Florida Museum of Natural History

Sawfish Conservation

Sawfish Images


A Fish Tale: Sawfish Fact and Fiction Through History
By M. Burger

Sawfish Images


Myth #1) Sawfish use their rostrums to saw whales, boats, and/or humans in half

Contrary to literature, folklore and nautical paintings, there are no credible accounts of sawfish-induced lacerations causing ships-of-old or schooners to capsize. Despite illustrations of sawfish lurking just under the water's surface or waiting to strike the hull of an unsuspecting ship; sawfish are actually benthic elasmobranchs, or "bottom dwellers". They spend a considerable amount of time as juveniles in shallow mangrove nurseries in water that can be only several feet deep. Sawfish are thought to inhabit deeper waters more commonly as their size increases.
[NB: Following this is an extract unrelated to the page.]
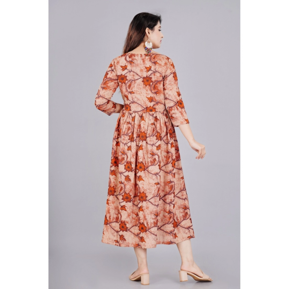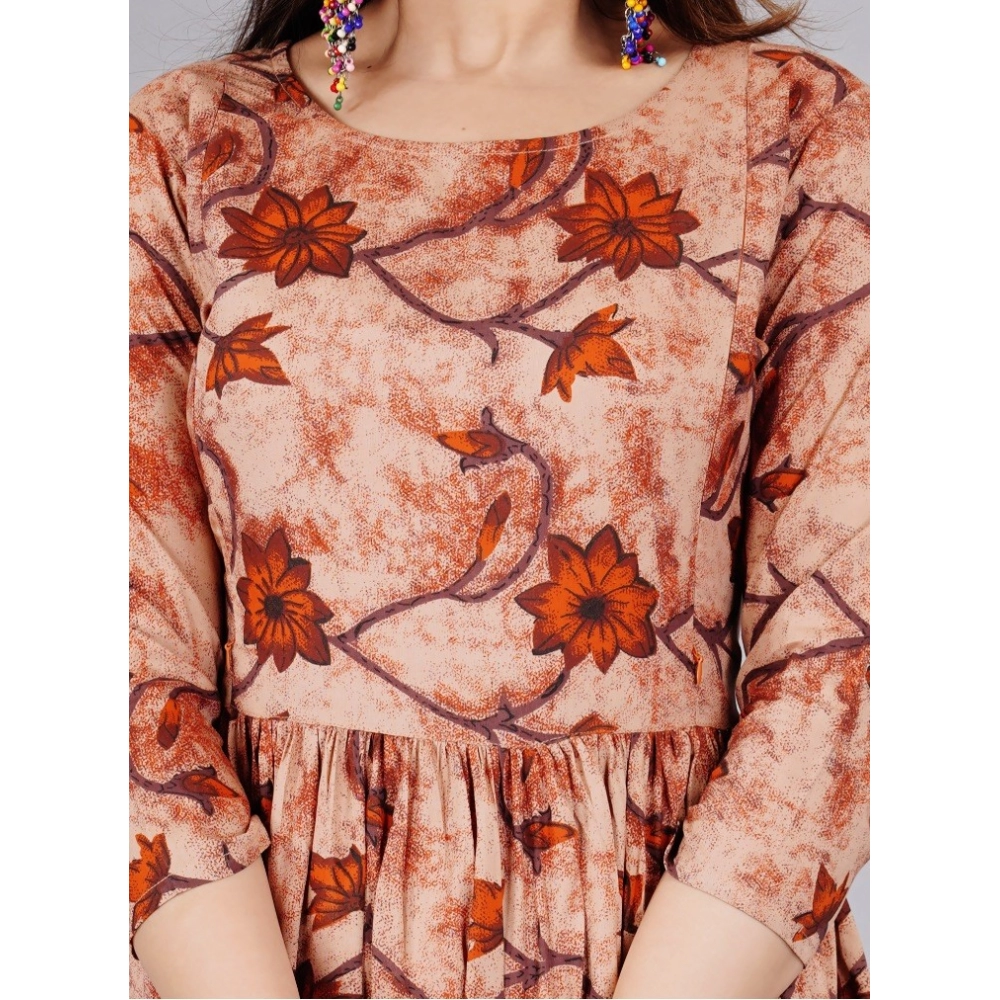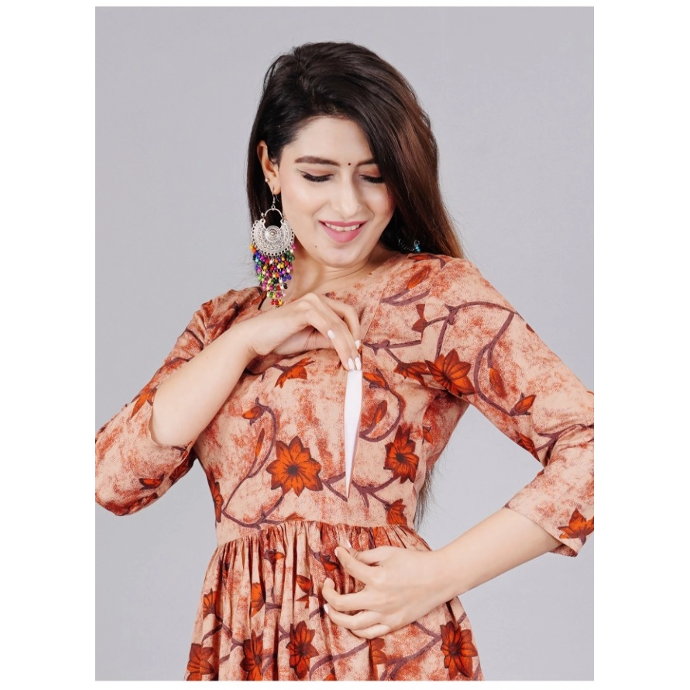 Women's Casual 3/4 Sleeve Printed Viscose Maternity Feeding Kurti (Brown)Women’s Casual 3/4 Sleeve Printed Viscose Maternity Feeding Kurti (Brown)

Apart from a suspicious account of a man being sawn in half by a sawfish in eighteenth century India (The Field Book of Giant Fishes by J. R. Norman and F. C. Fraser), there are no known cases of sawfish actually killing humans. When sawfish injuries do occur, they are usually minor and normally a result of provoked incidents-for example, when trying to remove a hooked sawfish from a line. The ISED has published a recommended method of the safest way to remove a hooked sawfish (for both fish and fisherman) that is available here.

The diet of sawfish does not include whales, dolphins, or any other variety of marine mammals. Instead, it is comprised primarily of schools of teleost fish, crustaceans, and cephalopods. Adult and large juveniles may also feed on small elasmobranchs including sharks and rays.

However, whales face little threat of being impaled by a sawfish, since they are not natural enemies of the species.